Kiev: This is all very good, of course. But it would've been better if they were giving raises proportionally to everyone. I, for example, am very concerned about teachers’ salaries: they are forced to give lower grades to children (!!) in order to tutor them for money. Not all are like this, but there're enough… A teacher has to think about the children and not of the ways to make money… And this is the responsibility of our state.

[…]

Demjan: I graduated from the Kyiv Polytechnics. Electrical mechanics engineer, my salary is 800 hryvnias [$160 a month], it's not funny. The only way out is to escape to the west.

[…]

SS: As strange as it sounds, but I also graduated from [the Kyiv Polytechnics] (an electrical mechanic as well). My official salary is 5,000 hryvnias [$1,000 a month] + awards + additional earnings + all kinds of bonuses. It's not enough to graduate from the Polytechnics – you've gotta be an engineer as well, and not some [dishwasher].

[…]

50 bln: Fifty billion dollars of investments are gone to Africa – the money that could've been in Ukraine. And now do a calculation on how many street cleaners, lecturers […] and other professions would've gotten preferences, as well as how many Ukrainian officials would've taken part in drowning this project. But in Ukraine, they'll continue to read [Yulia Tymoshenko]'s articles, discuss honorary citizenship for [Verka Serdyuchka] and seek favors with [Gazprom].

[…]

4 comments

  • Evance Ng'ingo

    iam evance a 26 aged journalists i would like you to be publishing other storiews from the developing nations in Africa like Tanzania Kenya and Uganda.

  • Chris

    I am from South Africa. I visited Ukraine last year. The average salary in South Africa ranges from R132,224 to R289,695 based on different profesions and years of experience. So the average salary in South Africa for the middle class ranges from USD18,000 to USD40,000 per year.
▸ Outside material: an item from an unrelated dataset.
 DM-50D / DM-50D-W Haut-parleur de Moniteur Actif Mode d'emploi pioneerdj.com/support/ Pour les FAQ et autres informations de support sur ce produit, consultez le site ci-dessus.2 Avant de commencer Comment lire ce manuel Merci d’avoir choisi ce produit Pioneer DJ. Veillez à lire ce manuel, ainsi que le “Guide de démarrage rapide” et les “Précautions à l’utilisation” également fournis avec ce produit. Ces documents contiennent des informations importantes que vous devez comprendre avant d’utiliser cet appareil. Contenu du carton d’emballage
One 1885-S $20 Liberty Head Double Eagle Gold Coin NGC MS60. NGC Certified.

    http://www.payscale.com/research/ZA/Country=South_Africa/Salary

    The prices of goods like food in the super markets and prices of motor cars in Ukraine are similar to the prices in South Africa. It also costs about the same to eat out in a restuarant in Kiev than it does in South Africa.If I look at the salaries stated for Ukraine in the other posts, then I can not understand how the people of Ukraine can afford to live in Ukraine. Could somebody please explain this to me.
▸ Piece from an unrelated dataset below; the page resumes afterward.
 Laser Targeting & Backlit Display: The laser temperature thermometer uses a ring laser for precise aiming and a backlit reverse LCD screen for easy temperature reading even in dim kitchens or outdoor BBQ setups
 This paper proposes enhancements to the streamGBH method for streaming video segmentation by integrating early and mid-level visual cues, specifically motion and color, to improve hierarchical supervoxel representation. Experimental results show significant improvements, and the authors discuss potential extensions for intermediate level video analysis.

  • […] reported last week that Kyiv street cleaners would be receiving $400 a month beginning this June, a number of readers confessed that they were earning less working as college lecturers or medical doctors. How some skilled […]

  • Li

    if the average salary as said on the comments is about 200 u.s.dollars in Ukraine,I think it’s really hard to make bread at the EastEuropean living cost.